In answer Godfrey flicked on the electric kettle and started talking over its bubble. “This is crazy. She has to have done it unless a Bengal tiger is on the loose.”
“Tadpole seems to be okay with her. That makes me hesitate to—”
“He’s a ho for anyone who looks like they have a biscuit in their pocket!”
“Nevertheless, he’s always right.”
“Great, the dog wags his tail and we can all relax, assured she won’t rip us asunder.”
“Look, Taddy was okay when he met Jolie, and he knew she was wolven before I did.”
“He nearly had a heart attack when you took him to Little Dip!”
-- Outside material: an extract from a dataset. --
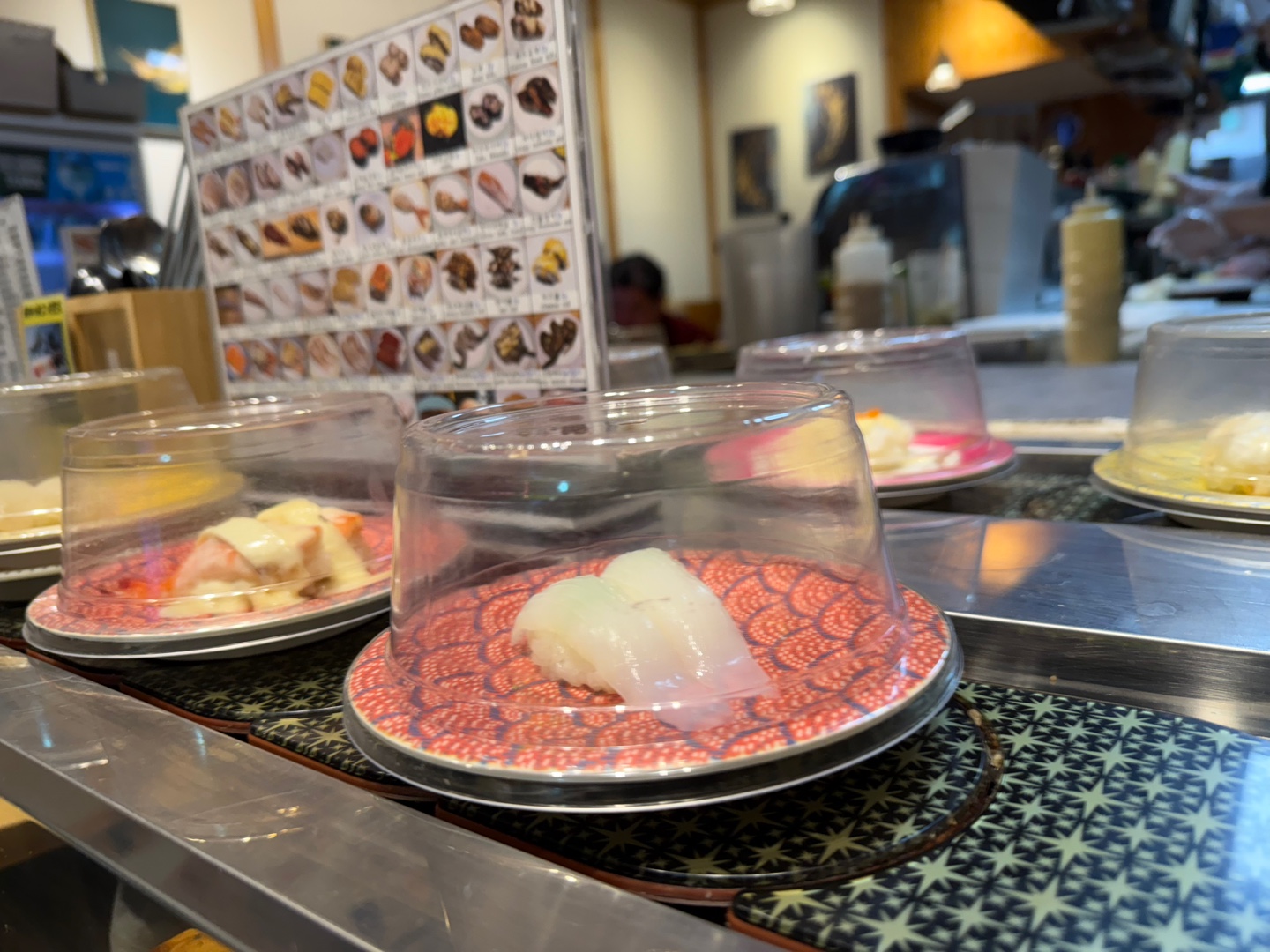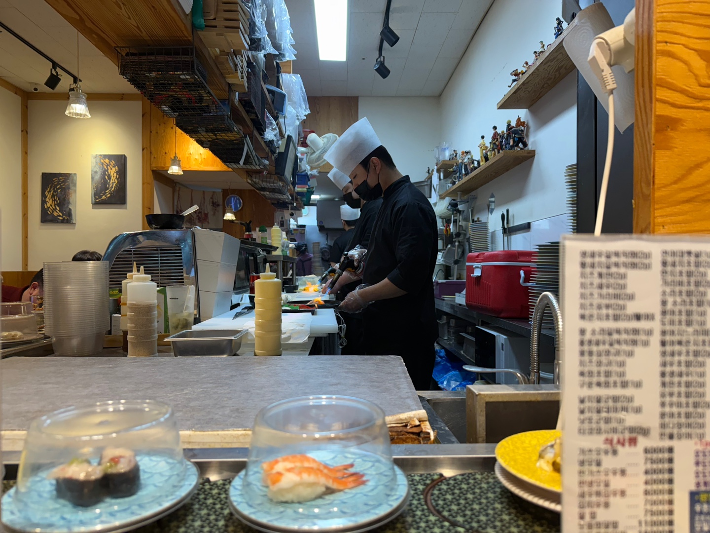 내부는 적당한 크기의 회전초밥 매장으로, 혼자 오신 분들도 여럿 계셔서 부담 없이 식사할 수 있습니다. 레일에 원하는 메뉴가 없을 경우에는 직원에게 요청하면 금방 만들어주는 시스템 덕분에 식사 흐름이 끊기지 않고 좋았습니다.

“Please don’t fight.” Isabelle stood at the kitchen door, Tadpole in her arms. “I’ve brought you nothing but stress. I’m so sorry I burst in on your lives like this. I’m leaving right now.” She set Tadpole down. “I’ve nothing to hide from the police. I’m going back to my apartment to wait for them.”
“Honey, it’s not the police we’re worried about. If you didn’t kill Barry, then something else did. I’m not sure you’re safe.”
“When you change into a Were, can you remember what you do?” Godfrey asked bluntly.
“I don’t change. That’s just it,” Isabelle said. She sank into a kitchen chair. It was obvious she was still in shock.
Hope was annoyed at Godfrey for his blunt questioning but realized they needed answers, and fast.“You don’t change?”
“What? Never?”
Hope and Godfrey spoke over each other in their surprise.
“I dream of it. All the time. And Ren is always there, running with me. Guiding me through a forest. But I’ve never physically changed.” She looked down and plucked at the sweater hanging from her shoulders. “Maybe I’m too w
eak? Maybe I’m one of those ferals that won’t survive a change, so my body somehow suppresses it? Can that happen?”
Hope and Godfrey didn’t know, but they doubted it.
“Then what was outside your house last night, if it wasn’t her?” Godfrey said.
Hope looked at him blankly. “I never thought of that. I just assumed it was…” She looked across to Isabelle.
Isabelle looked at them suspiciously. “What?” she asked uneasily. “What about last night?”
“Come with me.” Hope rose and had them follow her to the back deck.
“This.” She pointed to the muddy wolven prints. “Were you here last night?”
“I was. I’m here most nights. But not this close. Never this close. It took all my courage to come this far, and that was only because the dog told me to.”
“Tadpole told you to?” Godfrey’s eyebrows rose.
“Well, sort of. I’m not sure how, but I knew he was making me welcome and wanted me to come closer. And then when I saw the photograph and I was…compelled, I suppose. But I swear I’ve never come around the back of your house.” She looked at the dried-out mud prints. “They’re enormous. Is this your partner?” she asked Hope.
“Hell, no. Though it could easily be Jolie’s feet,” Godfrey blurted. “Shit. We need to think this through.” He turned to Hope.
“I thought I could scent a Were earlier, and just assumed it was your partner. But the inside of the house smells different. Sort of nicer,” Isabelle said. “Much nicer.”
“Can you smell something here?” Hope pointed at the patio.